[WORK REQUEST] Using the records below, write out only the lines from the line containing "Идеально подойдут для" up to and including the line containing "부끄머니는 북구의 상징", exactly, with no pictures.
*-*-*
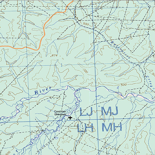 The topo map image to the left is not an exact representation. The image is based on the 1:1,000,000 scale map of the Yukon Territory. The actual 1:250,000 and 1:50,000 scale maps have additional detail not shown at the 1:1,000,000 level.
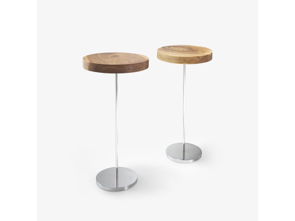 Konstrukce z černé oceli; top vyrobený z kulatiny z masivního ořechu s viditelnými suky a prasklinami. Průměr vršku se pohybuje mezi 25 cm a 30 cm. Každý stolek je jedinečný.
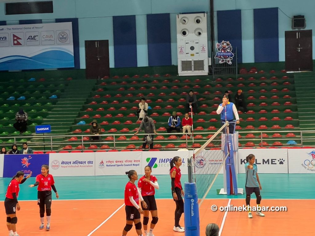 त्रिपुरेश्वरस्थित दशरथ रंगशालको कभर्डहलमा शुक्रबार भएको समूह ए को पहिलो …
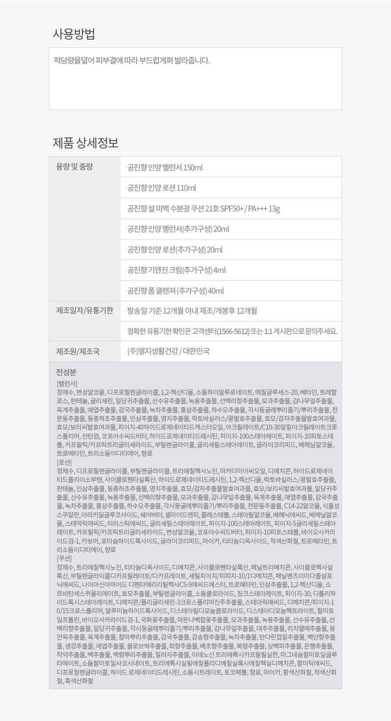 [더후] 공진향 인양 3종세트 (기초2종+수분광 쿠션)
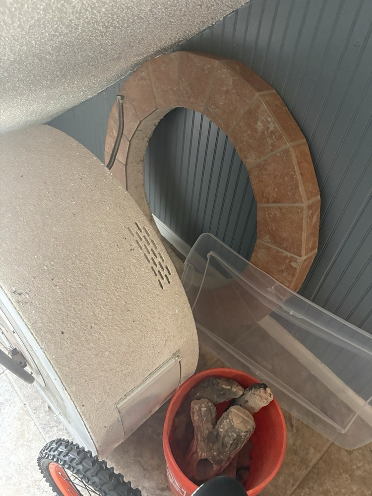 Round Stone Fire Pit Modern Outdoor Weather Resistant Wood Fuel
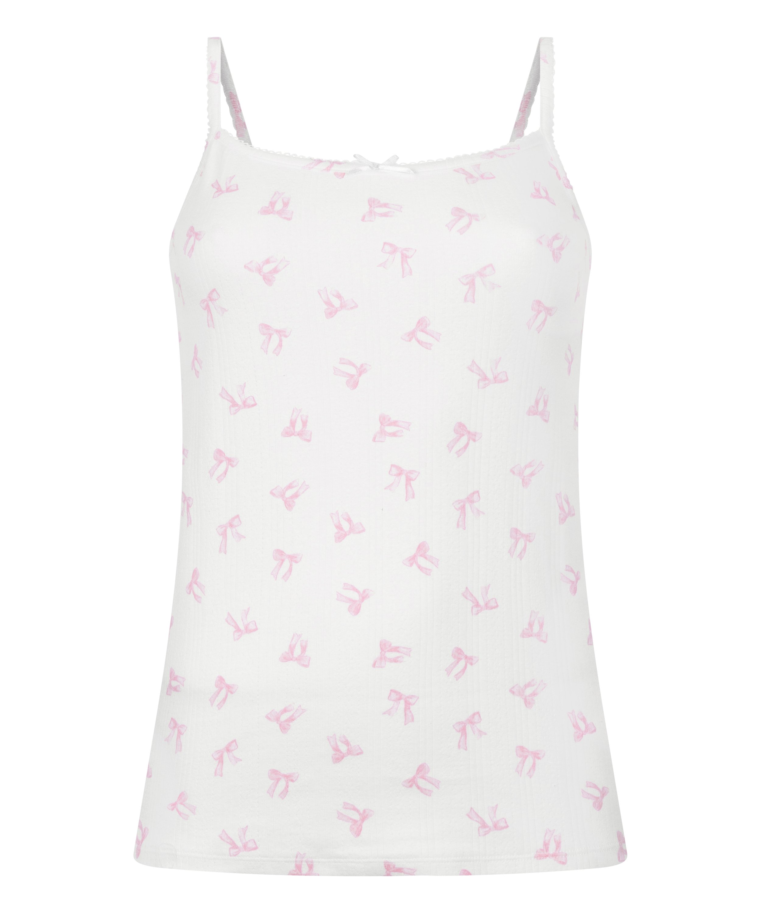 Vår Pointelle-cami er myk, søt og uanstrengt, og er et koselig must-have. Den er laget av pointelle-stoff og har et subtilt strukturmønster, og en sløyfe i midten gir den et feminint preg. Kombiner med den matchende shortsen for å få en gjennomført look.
*-*-*
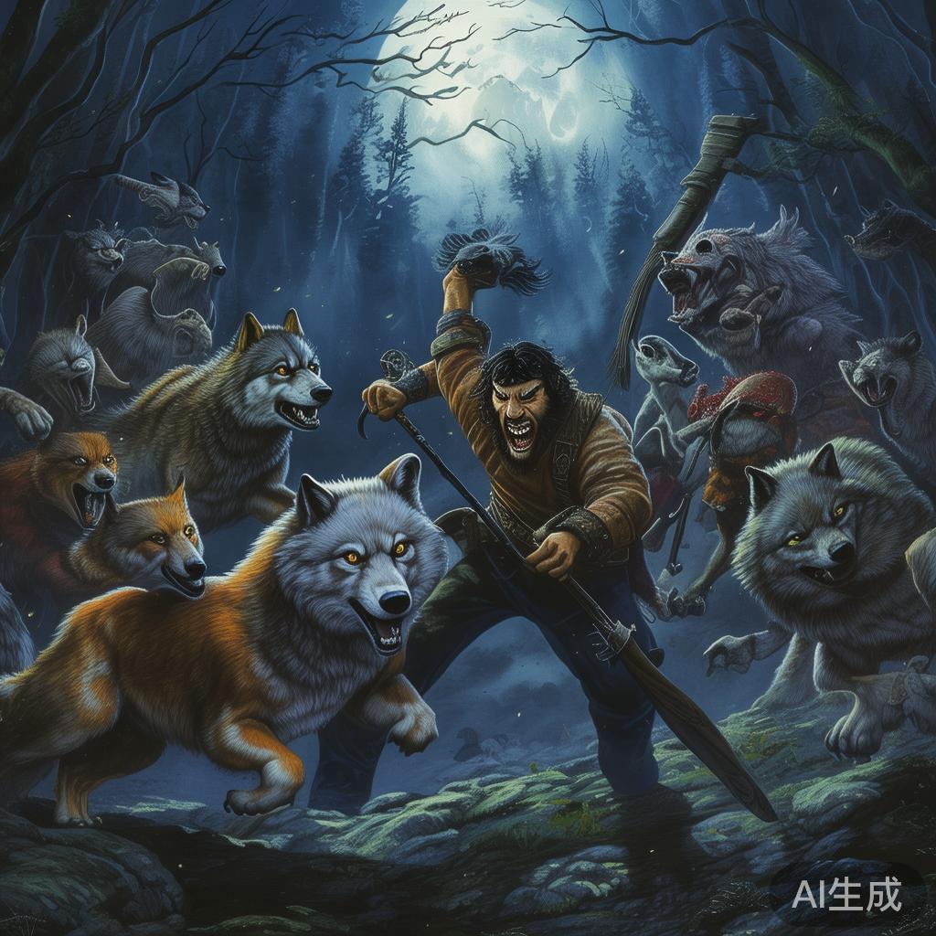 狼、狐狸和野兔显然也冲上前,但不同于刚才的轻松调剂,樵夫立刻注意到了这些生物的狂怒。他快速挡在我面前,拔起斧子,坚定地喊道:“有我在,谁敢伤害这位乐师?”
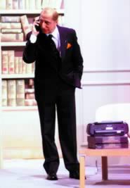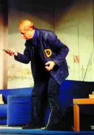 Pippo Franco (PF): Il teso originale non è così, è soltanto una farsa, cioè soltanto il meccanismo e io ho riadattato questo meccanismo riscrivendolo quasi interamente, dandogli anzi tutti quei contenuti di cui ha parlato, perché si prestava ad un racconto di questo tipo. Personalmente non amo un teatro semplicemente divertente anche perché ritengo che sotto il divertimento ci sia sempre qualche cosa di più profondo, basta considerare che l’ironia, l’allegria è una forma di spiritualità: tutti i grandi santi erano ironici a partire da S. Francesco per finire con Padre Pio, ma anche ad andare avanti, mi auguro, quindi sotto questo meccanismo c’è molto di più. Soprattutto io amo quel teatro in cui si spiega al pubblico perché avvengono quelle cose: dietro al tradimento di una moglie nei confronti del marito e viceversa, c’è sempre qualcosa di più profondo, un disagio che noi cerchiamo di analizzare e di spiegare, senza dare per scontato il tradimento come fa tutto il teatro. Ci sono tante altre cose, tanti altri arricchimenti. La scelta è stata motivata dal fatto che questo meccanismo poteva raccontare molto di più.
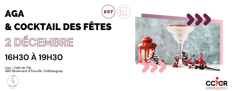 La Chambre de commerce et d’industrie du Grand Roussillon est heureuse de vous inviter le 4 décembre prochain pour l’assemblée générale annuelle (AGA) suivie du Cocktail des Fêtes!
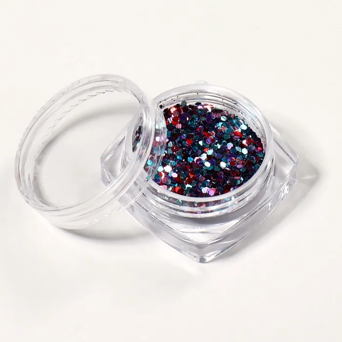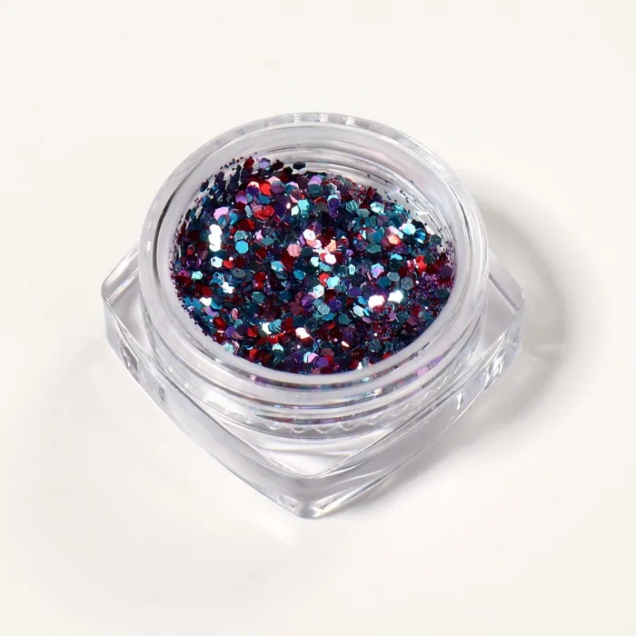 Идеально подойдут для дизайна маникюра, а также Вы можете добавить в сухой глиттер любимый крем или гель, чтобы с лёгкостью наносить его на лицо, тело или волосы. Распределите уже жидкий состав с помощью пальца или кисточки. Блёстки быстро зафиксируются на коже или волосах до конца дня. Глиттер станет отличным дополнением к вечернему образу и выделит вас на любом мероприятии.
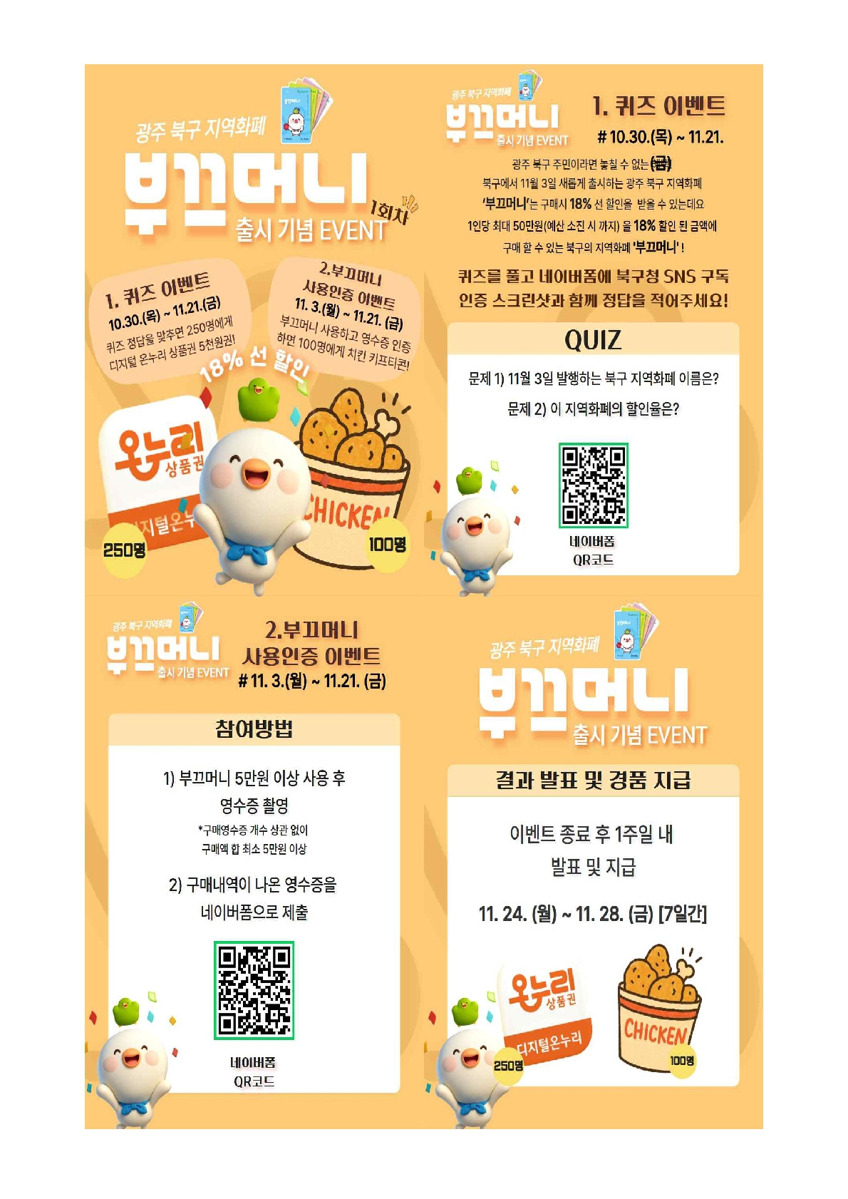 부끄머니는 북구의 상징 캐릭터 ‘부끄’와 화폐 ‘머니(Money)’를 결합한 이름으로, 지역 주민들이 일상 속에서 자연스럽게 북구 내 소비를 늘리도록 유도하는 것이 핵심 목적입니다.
*-*-*
[ANSWER SPACE]
 Идеально подойдут для дизайна маникюра, а также Вы можете добавить в сухой глиттер любимый крем или гель, чтобы с лёгкостью наносить его на лицо, тело или волосы. Распределите уже жидкий состав с помощью пальца или кисточки. Блёстки быстро зафиксируются на коже или волосах до конца дня. Глиттер станет отличным дополнением к вечернему образу и выделит вас на любом мероприятии.
 부끄머니는 북구의 상징 캐릭터 ‘부끄’와 화폐 ‘머니(Money)’를 결합한 이름으로, 지역 주민들이 일상 속에서 자연스럽게 북구 내 소비를 늘리도록 유도하는 것이 핵심 목적입니다.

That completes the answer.